SOURCE RECORDS:
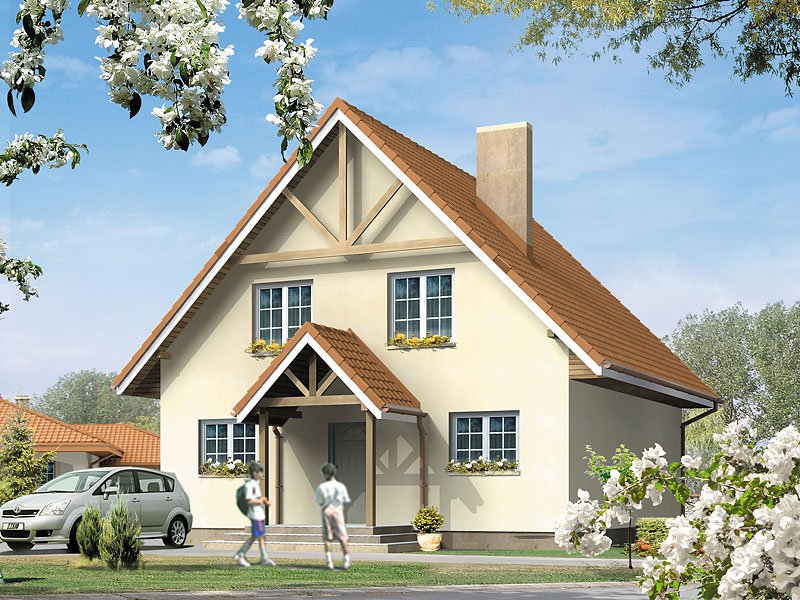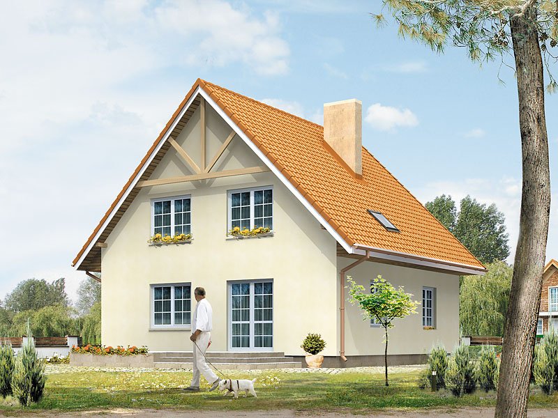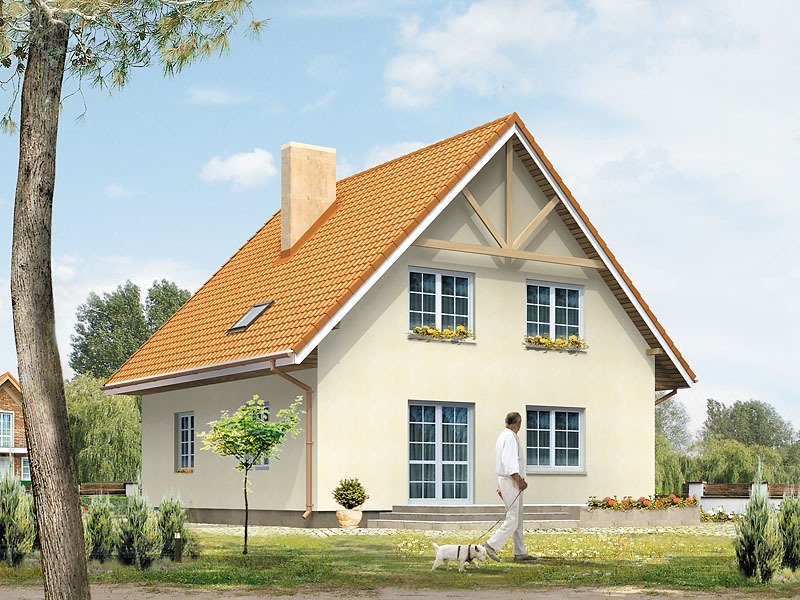 Ściany: 2-warstwowe - pustak ceramiczny + styropian, Stropy: żelbetowe, wylewane, Dach: dachówka, kąt nachylenia 45°
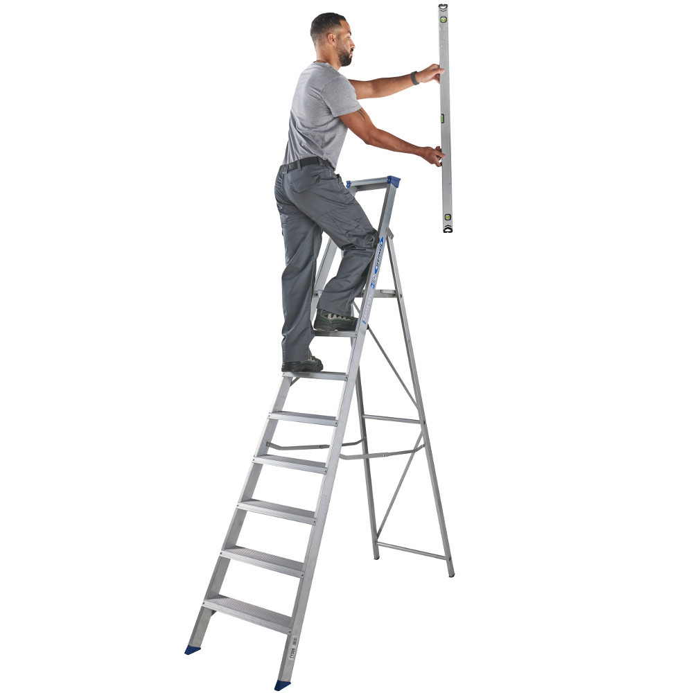 The 71508 8 tread MasterTrade Platform Stepladder is a solid and reliable aid for professional work. Features include heavy duty internal spreaders, top edge caps for a smoother profile and large slip resistant feet. The platform height of this ladder is 0.86m. Suitable for professional use.
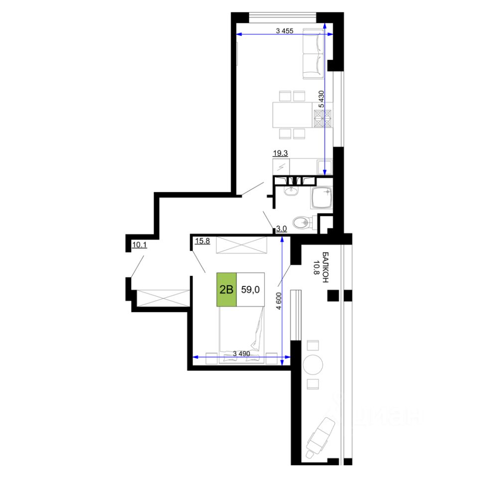 59 м² · Этаж 2 из 9
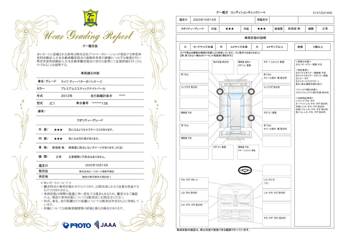 保証項目 | 警告チェックランプ点灯・スピードメーターが動かない・ハンドルがスムーズに操作できない・ギアが変速しない・ドアミラー・F・Rバンパーの破損・ガラスやヘッドライトのひび割れ エンジンや足廻りりから異音等。 |
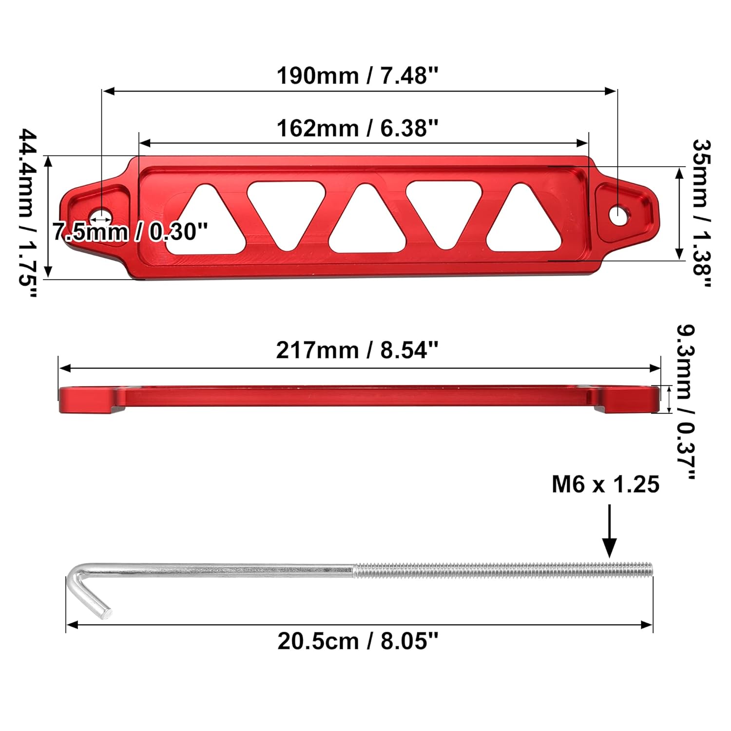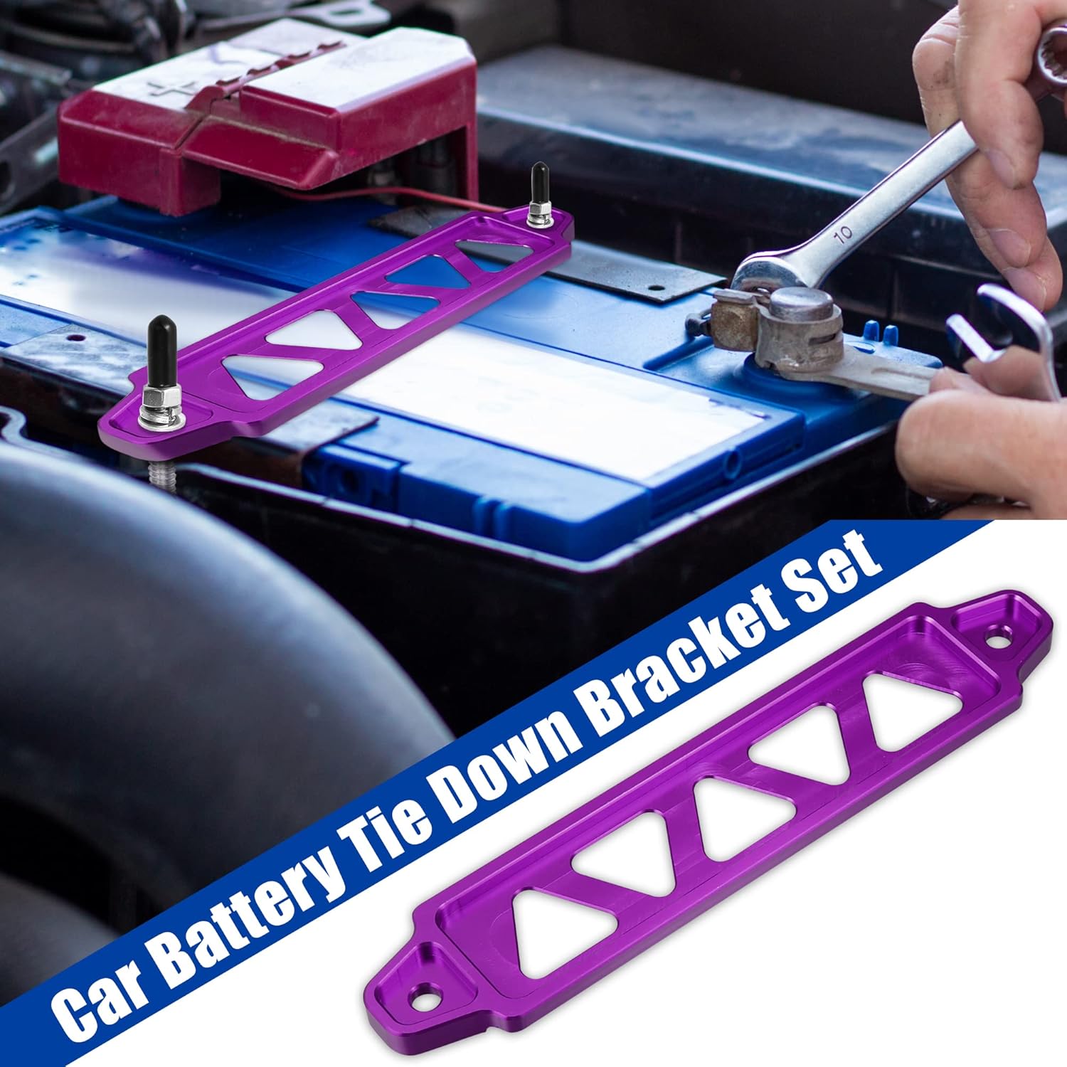 O X AUTOHAUX 220mm Universal Hollow Aluminum Alloy Car Battery Hold Down Mount Bracket Set é a solução ideal para quem busca segurança e durabilidade na fixação da bateria do carro. Com um design robusto e elegante na cor roxa, este suporte é fabricado em liga de alumínio oca, garantindo leveza e resistência à corrosão. Suas dimensões totais são de 217×44.4×9.3mm (8.54″x1.75″x0.37″), com um diâmetro de furo de montagem de 7.5mm (0.30″) e um comprimento entre centros de furo de 190mm (7.48″). O suporte inclui ganchos em forma de J com comprimento de 20.5cm (8.05″) e um tamanho de rosca de M6 x 1.25.
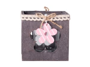 Svícen dřevo Kytička na čajovou svíčku v přírodní a růžové barvě 85 mm
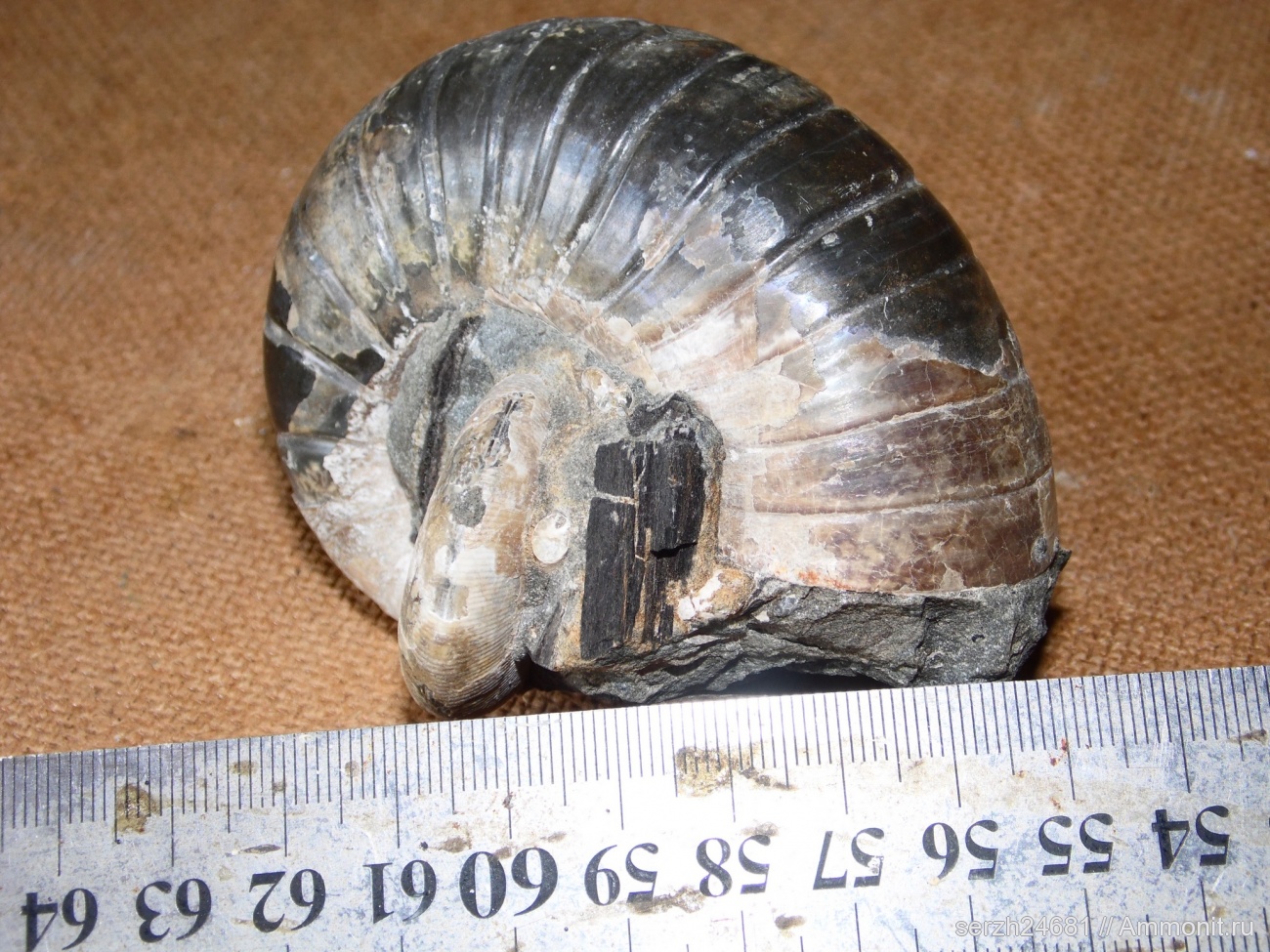 Люблю этот вид аммонитов. И этот - хороший экземпляр. Но, пардон, где тут устье? Судя по фото (вживую лучше видно, конечно), в районе деревяшки обломанные остатки еще пары камер. | ||||||
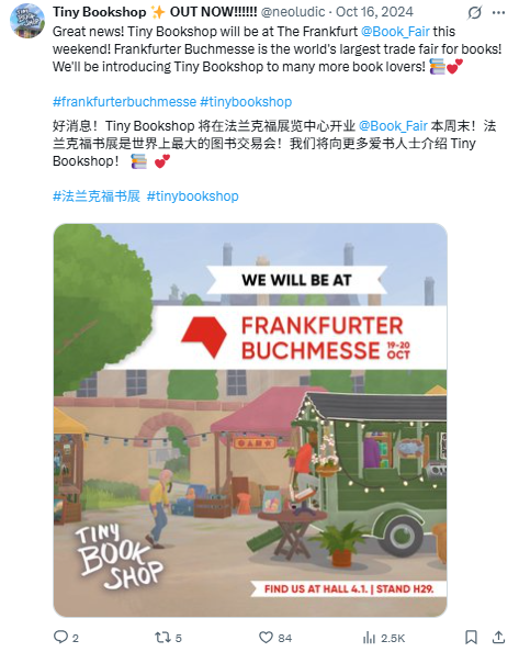 上线后,这款游戏在首周就实现了约20万的销量——就一款读书题材的独立游戏来说,这个数字已经颇为可观了。目前,它在Steam上收获了将近2500条评论,96%的好评率。而前段时间,《小小书店》还在科隆游戏展上获得了“最佳影响力游戏”(Games for Impact)的奖项。
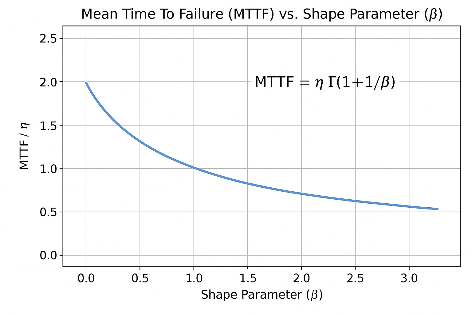 Fig. 3은 와이블 분포에서의 평균수명(MTTF)과 감마함수와의 상관관계를 곡선으로 나타낸 것이다[7].
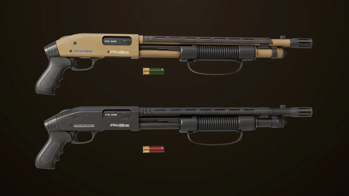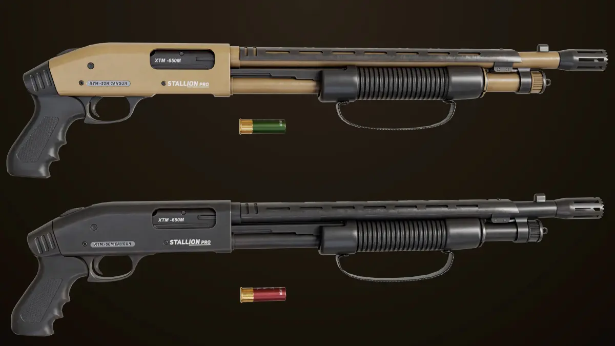 The Photorealistic 3D model of SmallShotgun 01 Black and Sandal With Single Material, This model is suitable for any visual production - broadcast, high-res film close-ups, advertising, games, design visualization, forensic presentation, etc
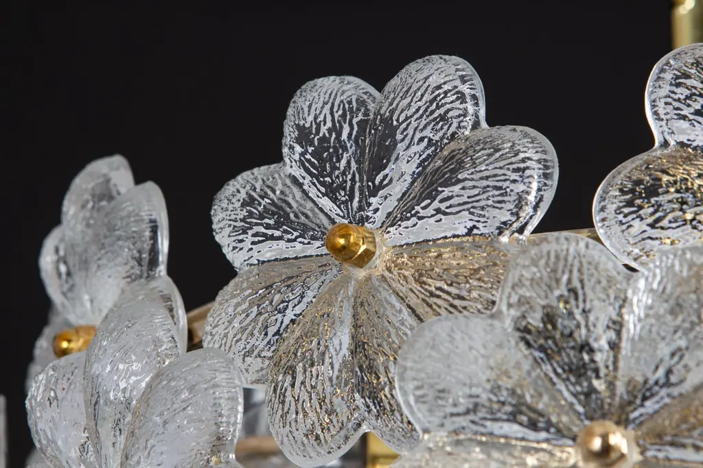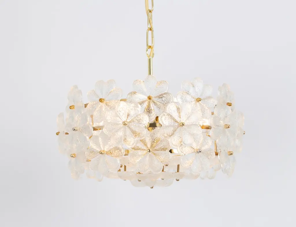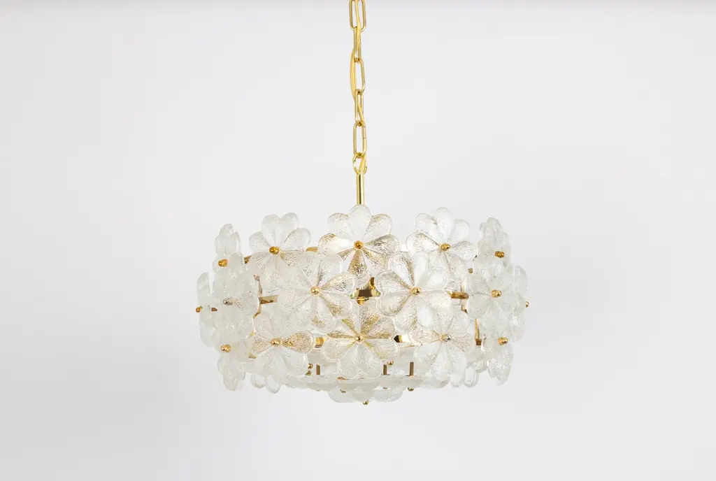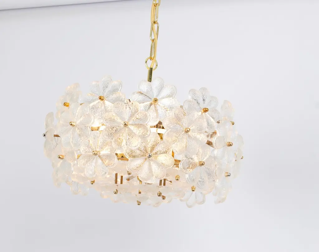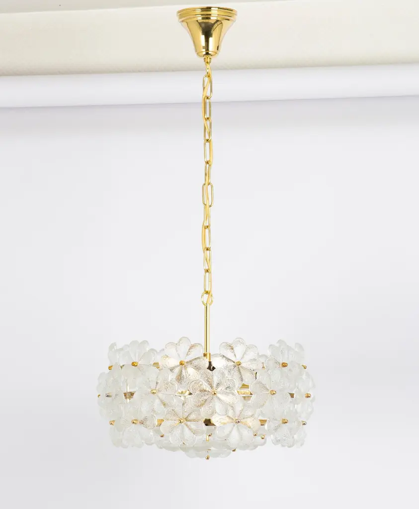 Petite stunning chandelier with many Murano flower crystal glass over a brass frame, made by Ernst Palme in Germany, 1970s.High quality and in very good condition. Cleaned, well-wired and ready to use. The chandelier requires 6 x E14 small bulbs with 40W max each.Light bulbs are not included. It is possible to install this fixture in all countries (US, UK, Europe, Asia, Australia,..)The height can be adjusted for a higher or lower ceiling.The listed price is for one chandelier.Two Chandeliers are available.
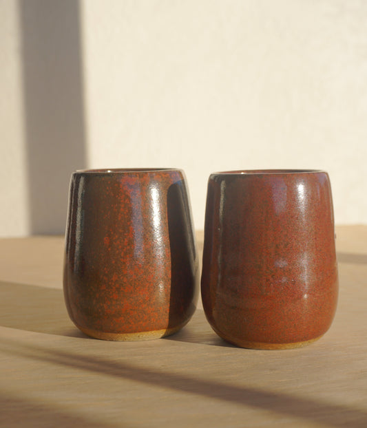 Fired in January 2025, these pieces reached approximately 2350 degree Fahrenheit just used wood as the fuel source. The unpredictable atmosphere inside the wood kiln has made each piece unique. You may notice fine crystals in the glazes, ash deposits around the rims and handles, and rich colors from where the flames licked over the pots.
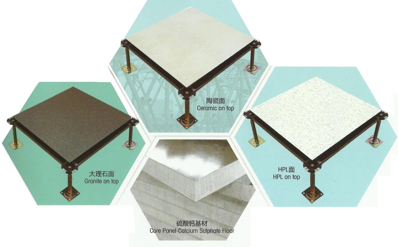 采用优质硫酸钙基材,表面可附HPL,陶瓷(玻化石)大理石和花岗岩贴面,四边粘导静电胶条,底面采用压花铝箔或者镀锌钢板。横梁选用钢材压模成型,支座丝杆可任意调节高度。
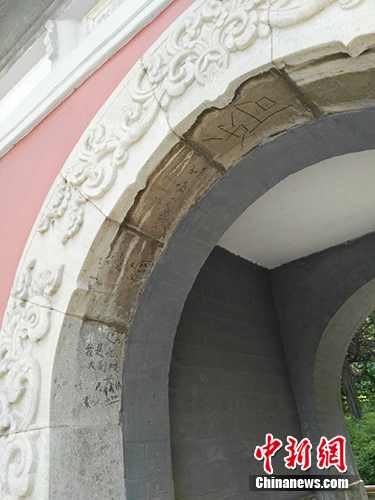 慈濟寺山門雖已經(jīng)過粉刷,但門洞中仍能看到不少涂鴉。中新網(wǎng)記者 宋宇晟 攝
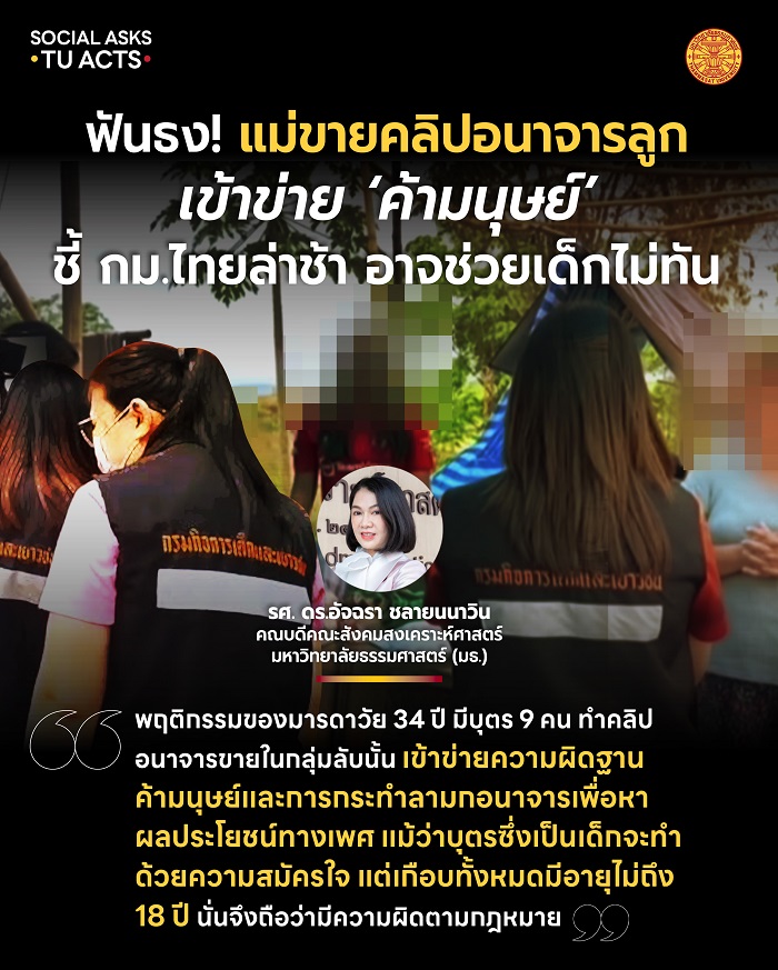นักวิชาการธรรมศาสตร์ เผย แม่อายุ 34 ทำคลิปอนาจารลูกเข้าข่ายความผิด “ค้ามนุษย์” ถึงแม้ลูกเต็มใจแต่ส่วนใหญ่อายุยังไม่ถึง 18 จึงมีความผิด ระบุพฤติกรรมเช่นนี้เพิ่มมากขึ้นในหลายประเทศ หวั่นไทยจะเกิดเหตุซ้ำอีก จี้รัฐเร่งประสานเจ้าของแพลตฟอร์มโซเชียลมีเดีย-ประเทศต้นทาง-ตำรวจสากล สกัดกั้นคลิป พร้อมยกตัวอย่างสหรัฐฯ เข้มกฎหมาย ล่วงละเมิดเด็กจำคุกตลอดชีวิต

YOUR INSTRUCTIONS:
What you return must match, character for character, the lines above from the one with "Fired in January" through the one with "慈濟寺山門雖已經(jīng)過粉刷,但門洞中仍能看到不少涂鴉。中新網(wǎng)記者 宋宇晟 攝", minus any pictures.

PROBLEM SOLUTION:
 Fired in January 2025, these pieces reached approximately 2350 degree Fahrenheit just used wood as the fuel source. The unpredictable atmosphere inside the wood kiln has made each piece unique. You may notice fine crystals in the glazes, ash deposits around the rims and handles, and rich colors from where the flames licked over the pots.
 采用优质硫酸钙基材,表面可附HPL,陶瓷(玻化石)大理石和花岗岩贴面,四边粘导静电胶条,底面采用压花铝箔或者镀锌钢板。横梁选用钢材压模成型,支座丝杆可任意调节高度。
 慈濟寺山門雖已經(jīng)過粉刷,但門洞中仍能看到不少涂鴉。中新網(wǎng)記者 宋宇晟 攝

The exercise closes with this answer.